When Do Medical Errors Become Malpractice?

Updated on April 27, 2020

Medical errors, which are defined as a preventable adverse effect of medical care, can turn into malpractice when healthcare providers act with negligence. While negligence can be difficult to prove, medical errors occur at an alarming rate.

John Hopkins University researchers estimate that medical errors contribute to over 250,000 deaths each year. However, because of inaccurate records or treatment providers unwilling to admit a mistake, we may never know the true cost.

Some victims of medical errors will choose to hire a medical malpractice lawyer. A lawyer can help prove a doctor’s mistake was negligent and caused injury, death, or another adverse outcome.

Medical Errors: To Err Is Human

Doctors are human, and humans make mistakes. A now famous report published in the Institute of Medicine in 1999 estimated that 98,000 people die from medical errors in hospitals in any given year. The report didn’t point fingers at doctors or treatment providers, but made a case for improved patient safety and a safer healthcare system overall.

Like the title of the report, to err is human, and mistakes can happen in bad healthcare systems. Doctors see multiple patients every day, perform under high-stress situations, and are often overworked or work long, grueling hours. 

If doctors are pushed to the limit, medical errors can lead to serious health consequences, which tend to occur in intensive care units, emergency departments, and operating rooms. 

The most common medical errors include:

  • mistakes involving drugs or medication
  • bloodstream infections
  • slip-and-fall injuries
  • surgical infections
  • blood clots
  • misdiagnoses
  • mistaken patient identities
  • over- or under-treating patients

While medical errors can lead to serious health complications, diagnostic errors, procedural errors, and other mistakes do not guarantee medical malpractice has occurred.

The Four Elements Of Medical Malpractice Lawsuits

Due to the prevalence of medical malpractice lawsuits, doctors fear malpractice, and some may face a lawsuit at some point in their careers.
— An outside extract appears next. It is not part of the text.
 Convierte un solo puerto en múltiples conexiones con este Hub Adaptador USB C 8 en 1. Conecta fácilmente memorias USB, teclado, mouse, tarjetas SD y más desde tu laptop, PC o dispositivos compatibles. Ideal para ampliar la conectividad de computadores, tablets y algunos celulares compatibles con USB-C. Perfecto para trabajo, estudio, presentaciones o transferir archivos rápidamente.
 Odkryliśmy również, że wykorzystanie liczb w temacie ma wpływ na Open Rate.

For a medical error to become malpractice, certain elements must occur.  

Medical malpractice lawsuits involve a medical provider’s failure to reasonably care for a patient, which is different from making a mistake. A malpractice lawsuit must include four elements: causation, duty of care, negligence, and whether the victim deserves compensation.
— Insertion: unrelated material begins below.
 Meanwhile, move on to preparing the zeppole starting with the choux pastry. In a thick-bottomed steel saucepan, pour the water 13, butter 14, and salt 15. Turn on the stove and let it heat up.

Causation tries to determine if the doctor’s act, or failure to act, resulted in a bad outcome. This is complicated and can be difficult to prove. 
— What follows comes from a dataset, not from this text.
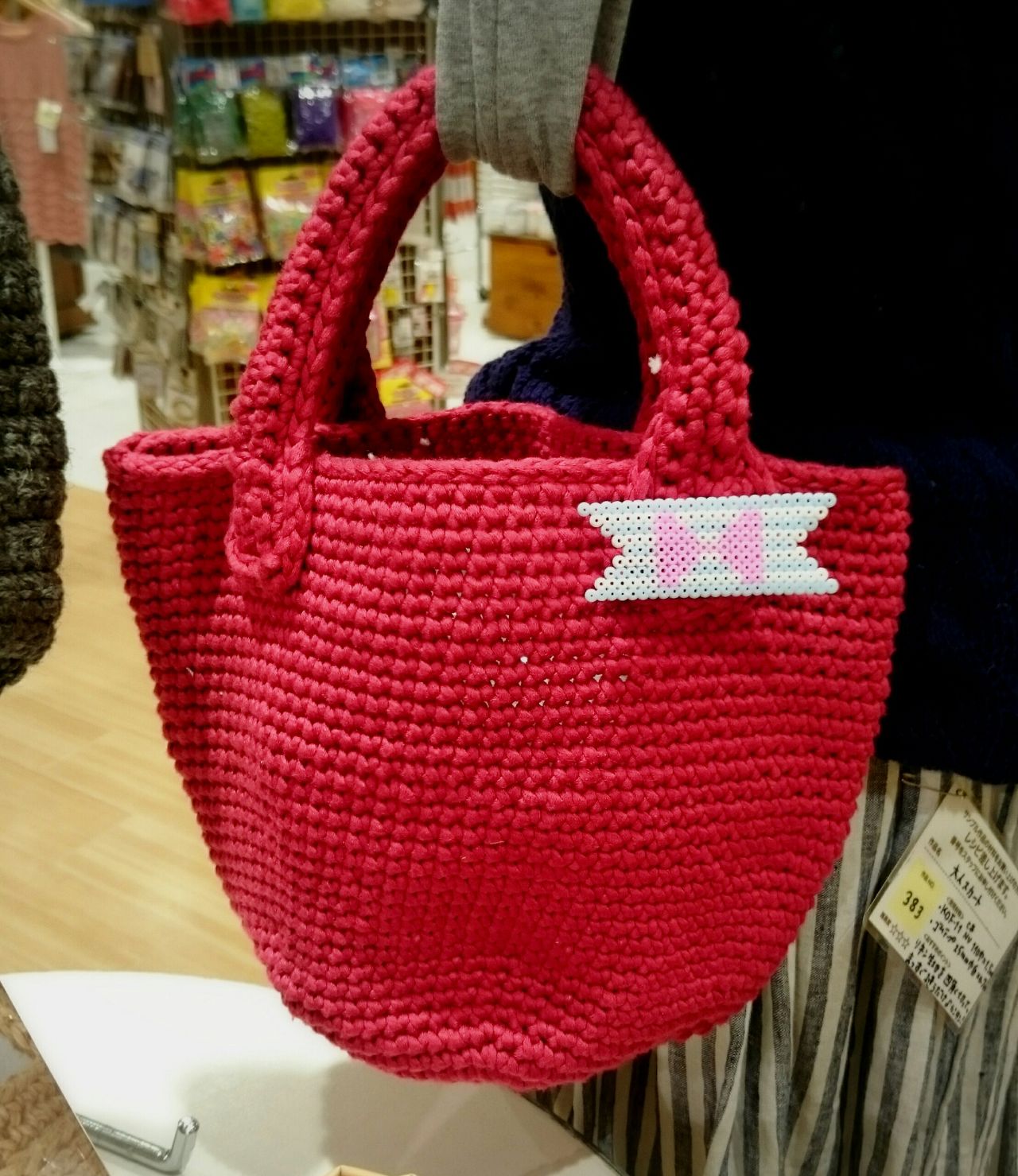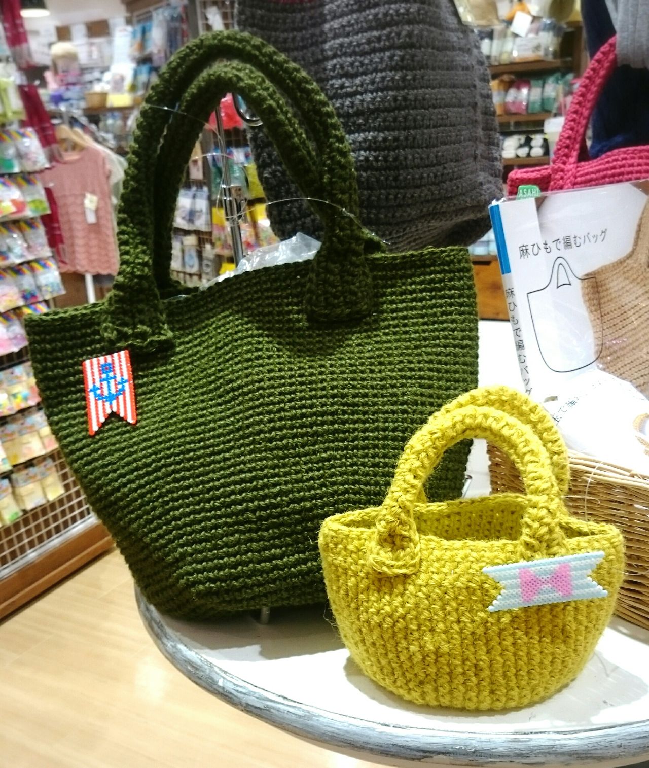 出来上がったら、色んなバッグに合わせてみましょう♪

If a patient dies from sepsis or infection, for example, the doctor may have made an error by not catching it in time. But, the patient’s sepsis could have been caused by an underlying health condition associated with a history of smoking, hypertension, or diabetes.

For malpractice to occur, there must be a direct cause between the doctor’s error and the specific injuries that could have been avoided. 

Duty Of Care To The Patient

This element can be easier to prove than causation. Duty of care refers to whether the doctor had a responsibility to reasonably care for a patient.

Malpractice may occur if the treatment provider fails to meet the medical industry’s standard of care. This violation of care means the doctor failed to meet their duty of keeping the patient safe. Proving duty of care is crucial for establishing negligence.  


Negligence occurs when a doctor fails to meet their duty of care towards the patient. Negligence could be an act or mistake, or could also be the omission or failure to act. To sue for malpractice, the plaintiff or patient must show that a doctor acting with reasonable care would not have made the same mistake, thus avoiding any injury or harm towards the patient. 


The final element is damages, or whether the patient suffered consequences and needs money or compensation to cover their loss or injury. The patient could receive a settlement to help cover monetary losses, like medical bills, or noneconomic losses like pain and suffering.

Although hundreds of thousands of people are likely affected by medical errors, proving medical malpractice is costly, time-consuming, and often requires the assistance of a qualified personal injury lawyer.